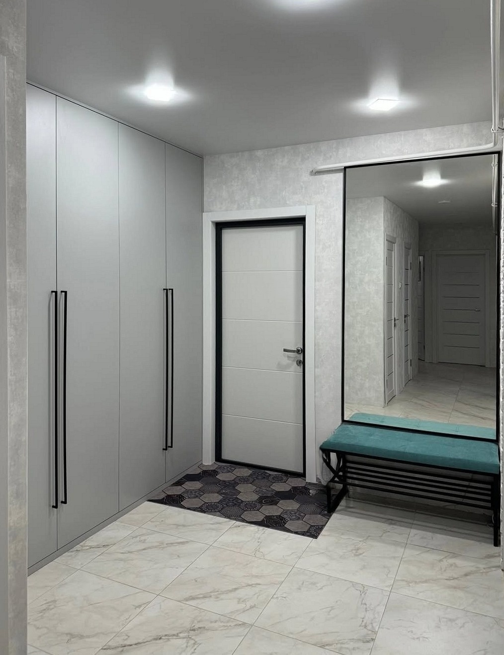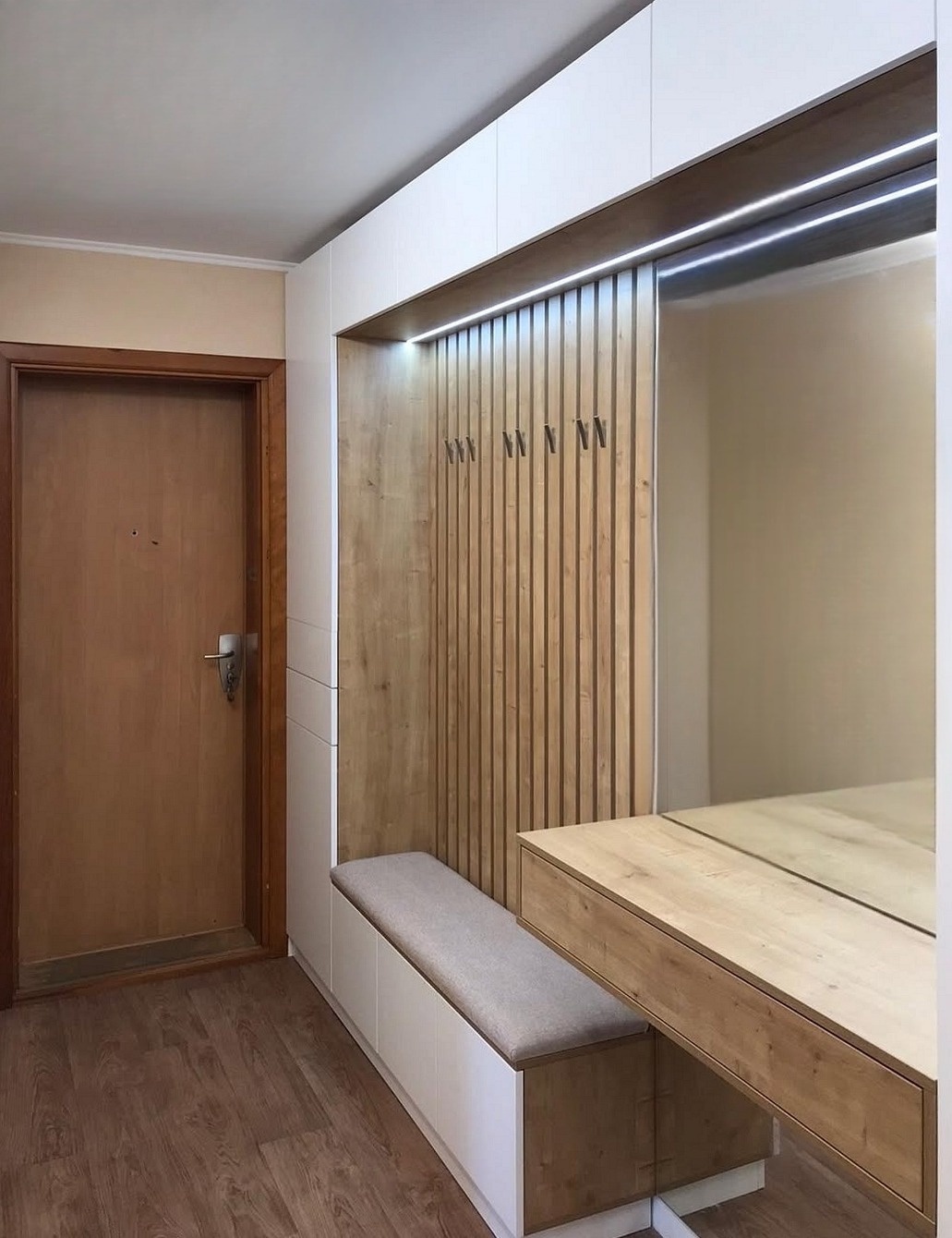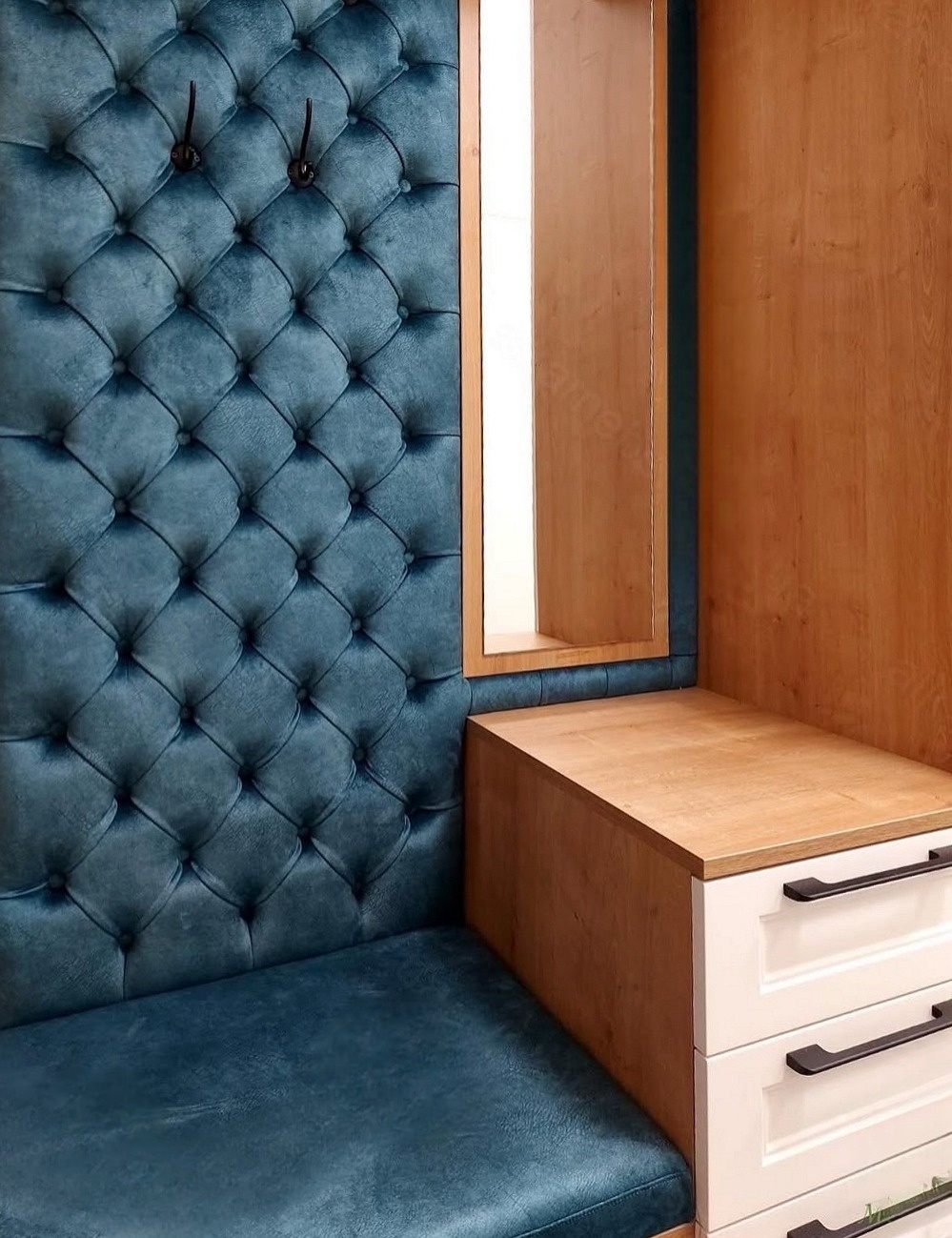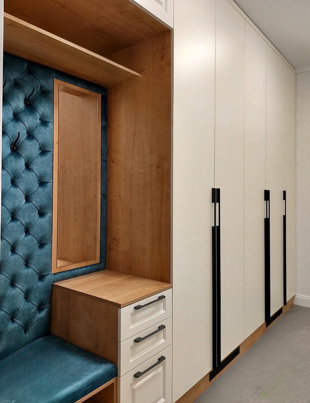 Большая встроенная прихожая с мягкой вешалкой и зеркалом «Модель 604»
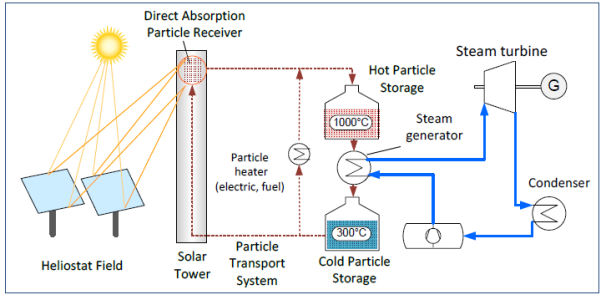 A simplified scheme of the HIFLEX system with solid particles is shown in above Figure. The solar radiation is concentrated by heliostats onto the direct absorption particle receiver, where the particles are heated up (e.g. to 1000°C) while passing through the receiver. The hot particles are then stored in the hot storage container. For power production, particles are passing through the steam generator to generate steam for the steam cycle for power production. After passing through the steam generator, the cooled particles are collected in the “cold” storage (e.g. at 300°C). During sunshine hours, the particles are transported up to the tower and get heated again. Hot and cold temperatures of the particles can be selected according to a techno-economic optimization, without strict technical limits. Unlike with molten salt, the particle system does not experience the danger of fluid freezing and thus does not need any trace heating.
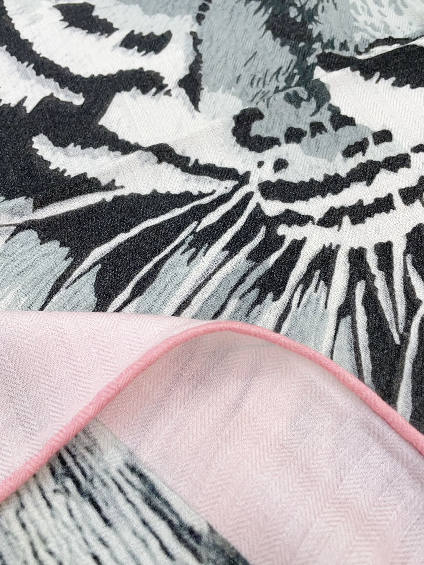 Tigre Royal Double Face Scarf 140 CM In Orange Colorful Cashmere And Silk 254646
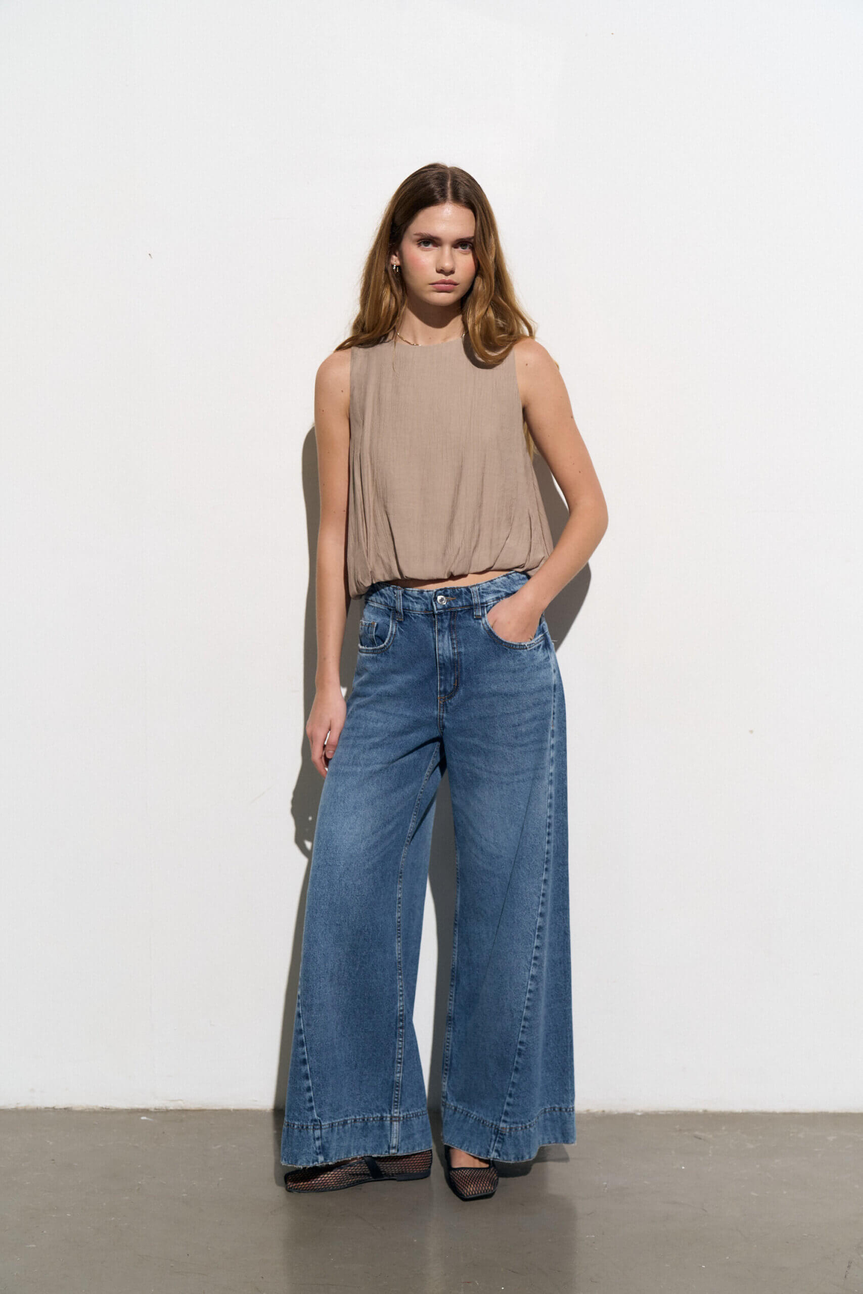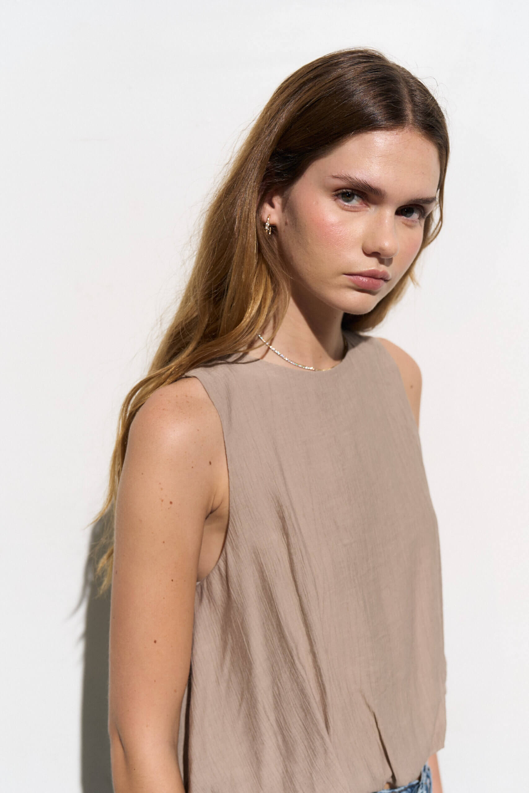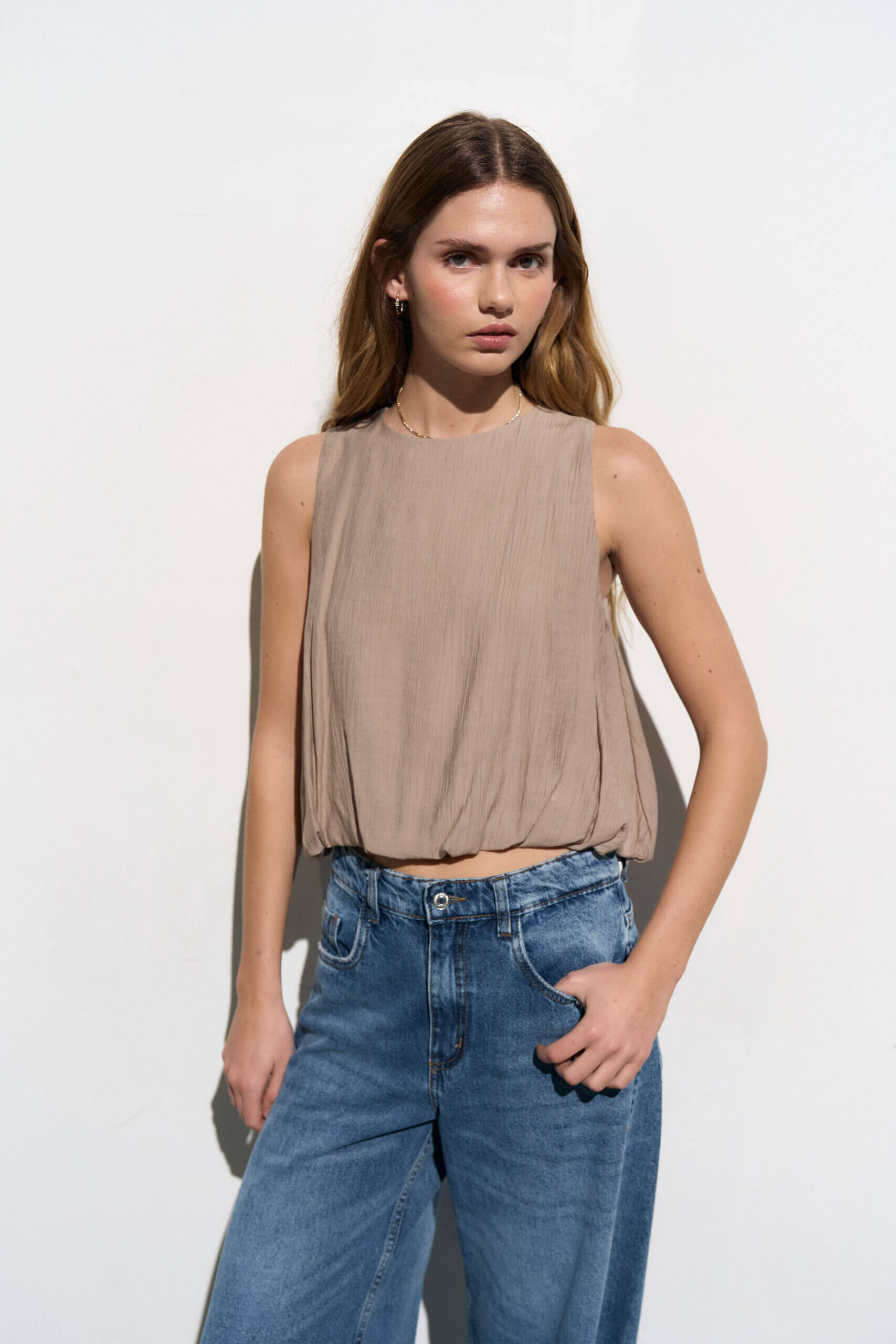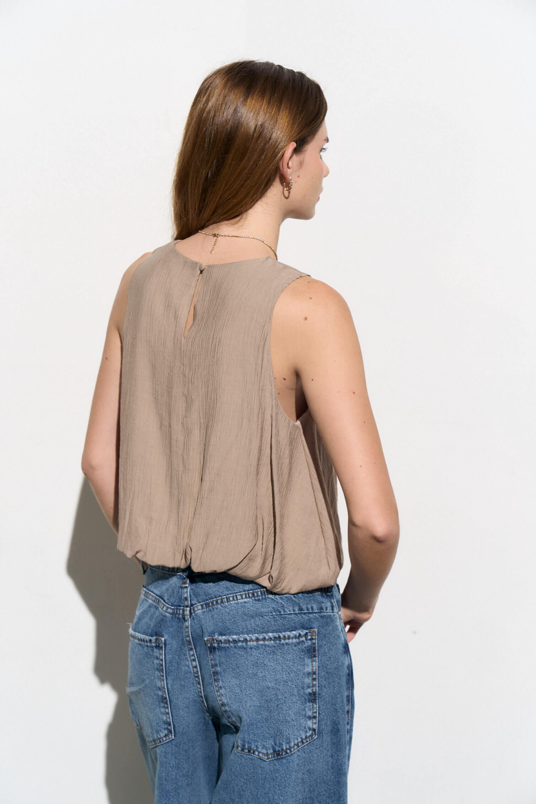 Musculosa balloon escote redondo y manga sisa con boton en espalda.
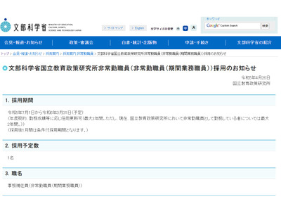 文部科学省は2023年4月26日、国立教育政策研究所の非常勤職員1名の採用について発表した。職務内容は、総務部会計課で行う事務の補助業務。採用期間は2023年7月1日~2024年3月31日(予定)。応募はメールまたは郵送にて、5月29日必着分まで受け付ける。
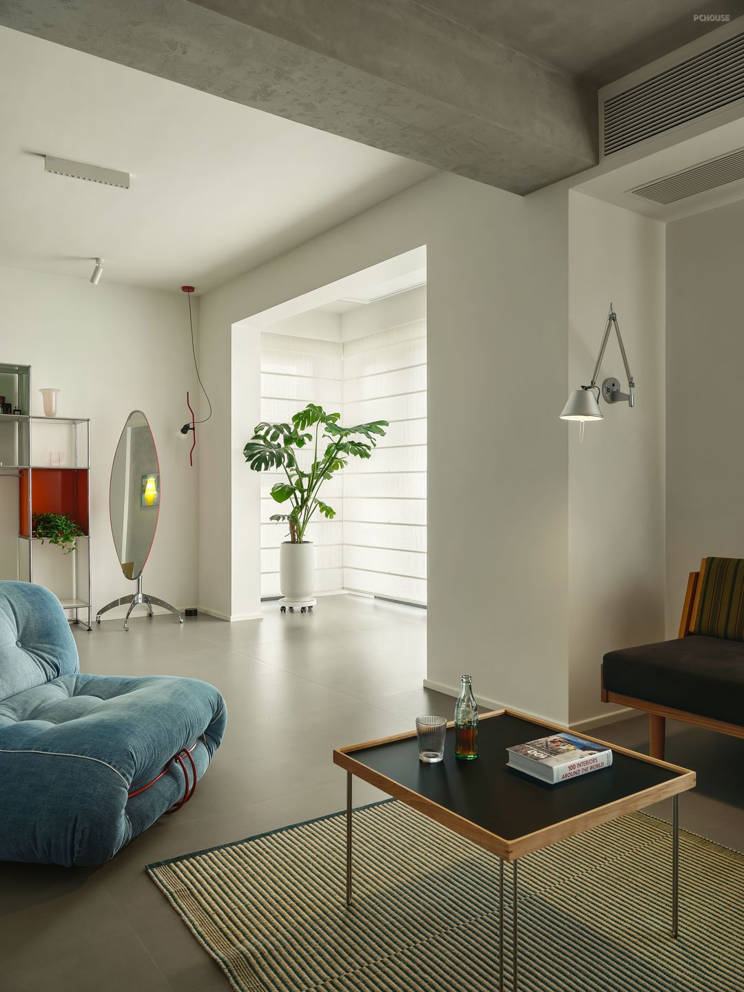 卫生间的区域以白色体块的形式卡在了清水混凝土结构的下面形成了一个和外围白色界面呼应的界面。顶面以清水混凝土材质和白色做区分。

● ● ● ● ● ● ●

Problem description: The response should be the lines from the one containing "Tigre Royal Double" through the final line of the records, reproduced exactly and with every picture left out.

Result of the task:
 Tigre Royal Double Face Scarf 140 CM In Orange Colorful Cashmere And Silk 254646
 Musculosa balloon escote redondo y manga sisa con boton en espalda.
 文部科学省は2023年4月26日、国立教育政策研究所の非常勤職員1名の採用について発表した。職務内容は、総務部会計課で行う事務の補助業務。採用期間は2023年7月1日~2024年3月31日(予定)。応募はメールまたは郵送にて、5月29日必着分まで受け付ける。
 卫生间的区域以白色体块的形式卡在了清水混凝土结构的下面形成了一个和外围白色界面呼应的界面。顶面以清水混凝土材质和白色做区分。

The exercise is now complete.